Mountain Water: Notes on Hamaguchi's Evil Does Not Exist
The mountain water in Hamaguchi's 'Evil Does Not Exist' moves like time itself - steady, relentless, deceptively gentle. In the Japanese village of Mizubiki, where crystal streams carve ancient paths through forest floor, a single father named Takumi harvests wood with the same deliberate rhythm as the water's flow. This is where our story begins, though like the stream itself, its true source lies somewhere higher up the mountain, in the collision between urban ambition and rural permanence.
Hamaguchi understands the weight of time. Each frame lingers exactly as long as it must - no more, no less. Like a master woodworker, he strips away everything unnecessary, leaving only essential grain. The dialogue follows this same economy, words measured out like precious water. In one scene, a talent agency representative speaks candidly during a car ride, and I'm struck by how the confined space of an automobile has always served as humanity's confessional booth. The long drive, the landscape sliding past, creates a space where truth emerges at its own pace.

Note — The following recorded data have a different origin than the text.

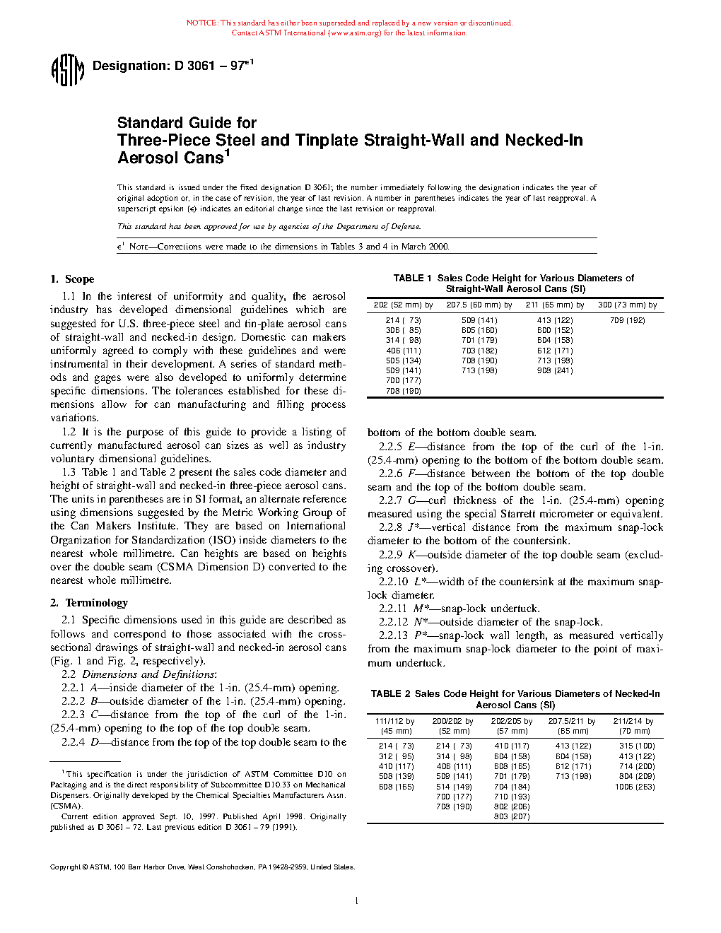 1.3 Table 1 and Table 2 present the sales code diameter and height of straight-wall and necked-in three-piece aerosol cans. The units in parentheses are in SI format, an alternate reference using dimensions suggested by the Metric Working Group of the Can Makers Institute. They are based on International Organization for Standardization (ISO) inside diameters to the nearest whole millimetre. Can heights are based on heights over the double seam (CSMA Dimension D) converted to the nearest whole millimetre.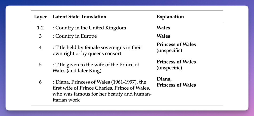 第 1-2 层,模型只知道「Wales」是英国一个地方。第 3 层,开始意识到这可能是个头衔。第 4-5 层,逐渐锁定「威尔士王妃」。第 6 层,终于确定是戴安娜王妃。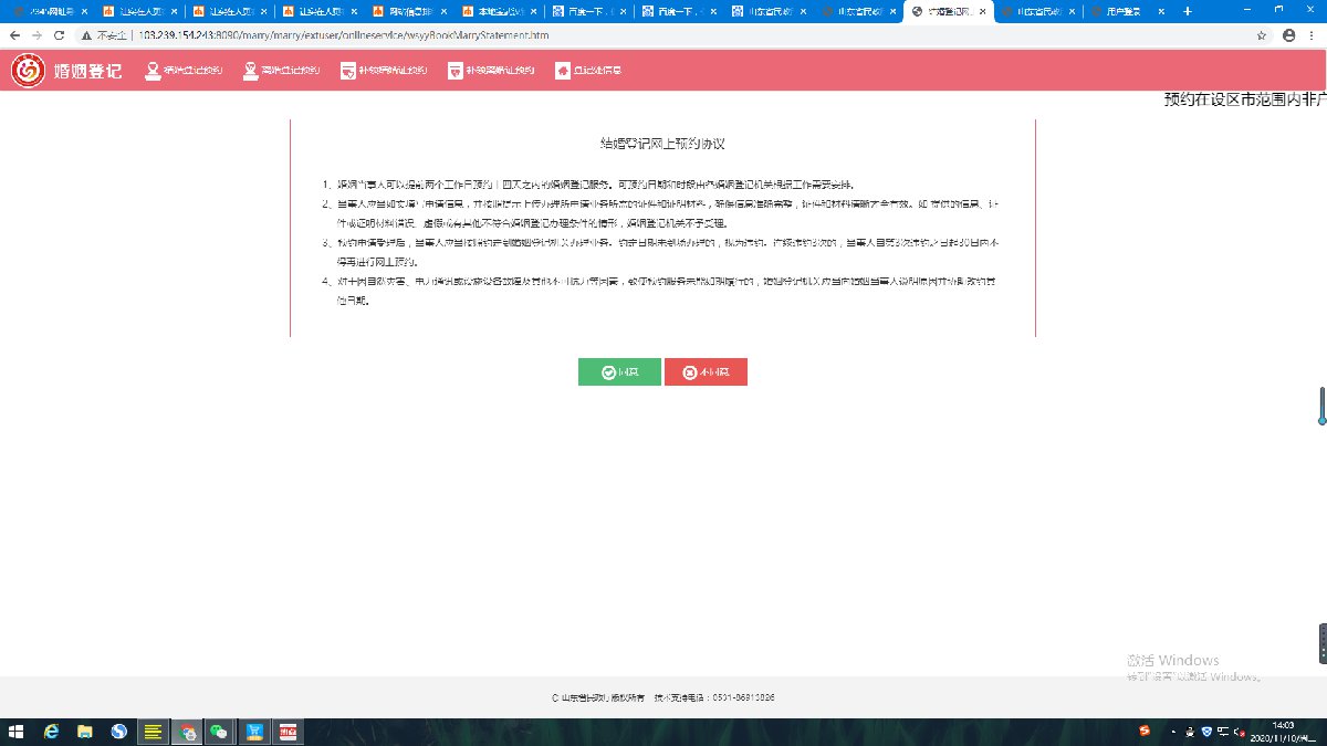 4、查看预约协议,确定无误后点击同意,进入信息填报。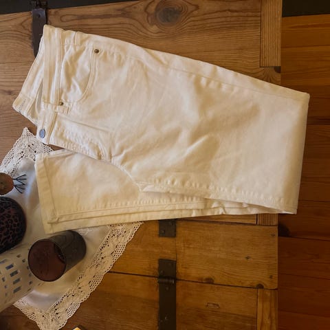 Fin Abbey Denim jeans/ bukse med duse hvite prikker str W26. Veldig pent brukt.
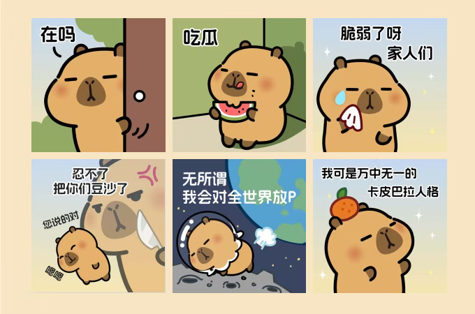 团队以抖音、小红书为阵地,每 2-3 天更新多格漫画与梗图,围绕职场解压、个人成长等主题输出治愈内容。当 “卡皮巴拉式松弛” 成为社交热词,这个 IP 早已超越卡通形象本身,成为当代青年 “反内耗” 的精神图腾。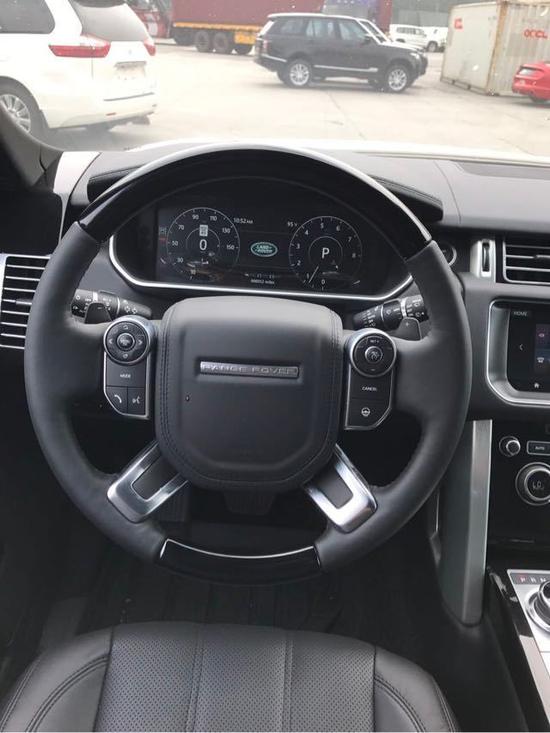 内饰方面:2017款路虎揽胜行政整个内饰无论触感还是视觉效果都堪称一流,充分的向你诠释“豪华”的定义。方向盘采用四幅式设计,双喇叭按钮设计比较靠内侧,当然多功能方向盘上集合了很多功能,不仅带有音响音量调节、定速巡航控制,还配备车载电话的控制。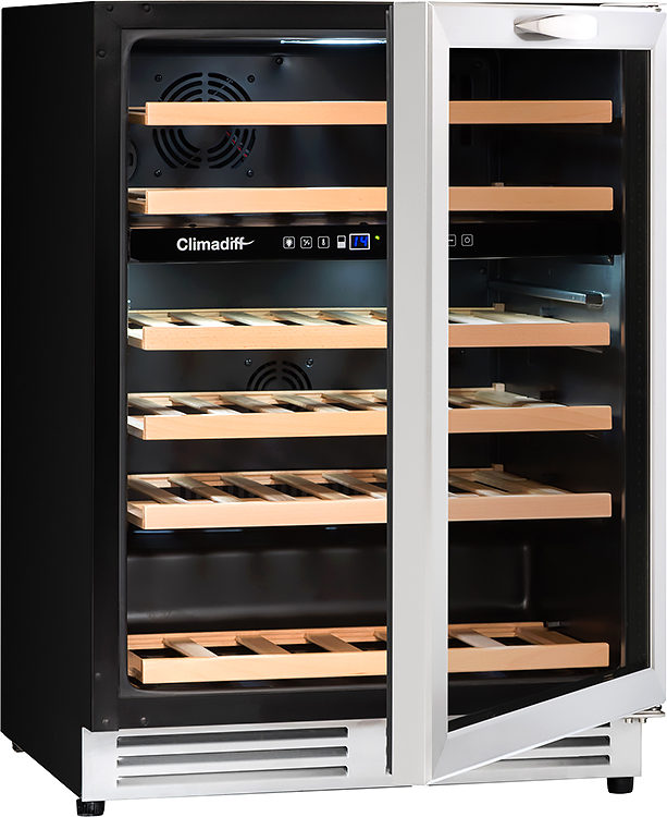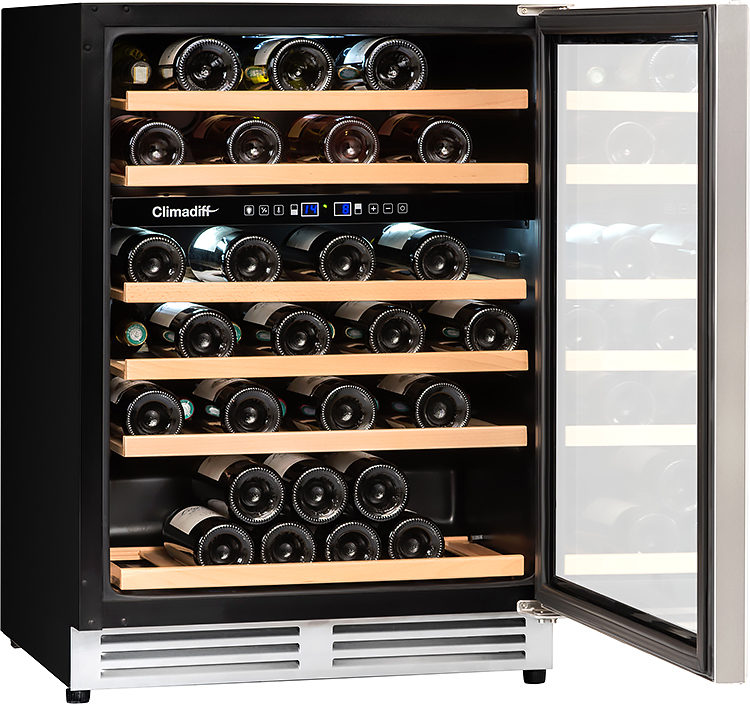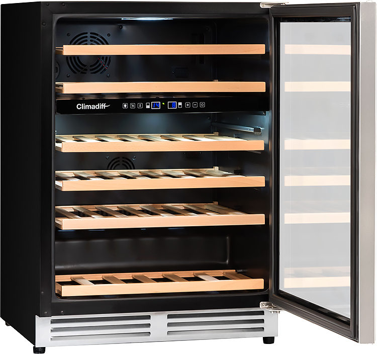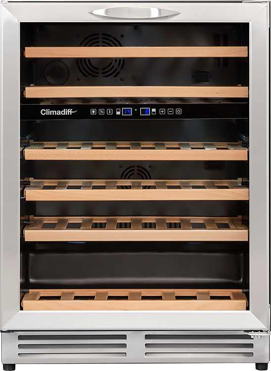Двухзонный шкаф для вина Climadiff CBU51D1X объёмом на 51 бутылку (16+35) стандартного размера поможет сохранить вашу винную коллекцию в оптимальных условиях. Диапазон температуры хранения,

Though set in a mountain town in Japan, the film resonates with a universal frequency. I recognize these people, these pressures, these small negotiations between progress and preservation. I've seen similar faces in the mountain communities of Vermont, Colorado, Montana - anywhere where the rhythm of modern life runs up against older, deeper patterns. Takumi's quiet authority comes not from any performed expertise but from his harmony with the forest's own logic. He is fluent in the language of patient cultivation.
Yet Hamaguchi refuses to paint rural life in purely romantic tones. We see Takumi at his daughter's school, arriving late for pickup. His sobriety and wisdom in the forest don't translate to perfect fatherhood. These moments of human imperfection arrive like small stones in a clear stream, creating ripples that spread outward. When a Tokyo glamping company representative arrives, axe in hand, eager to experience authentic rural life, we recognize a familiar modern yearning - the desire to touch something real, even if we risk disturbing its delicate balance.
The film's conclusion feels as inevitable as spring runoff, carrying with it all that has accumulated upstream. The price of progress always flows downhill, and like water, it finds every gap in our careful defenses. Yet Hamaguchi's genius lies in showing us how this story, while universal, remains stubbornly specific. Every dropped acorn, every split log, every shared meal carries both the weight of tradition and the uncertainty of change.
In watching 'Evil Does Not Exist,' I'm reminded that the best stories, like the clearest mountain streams, reflect both sky and stone - the aspirations above and the hard reality below. As someone dedicated to visual storytelling, I find myself returning to Hamaguchi's patient confidence, his trust that truth, given time and space, will carve its own path.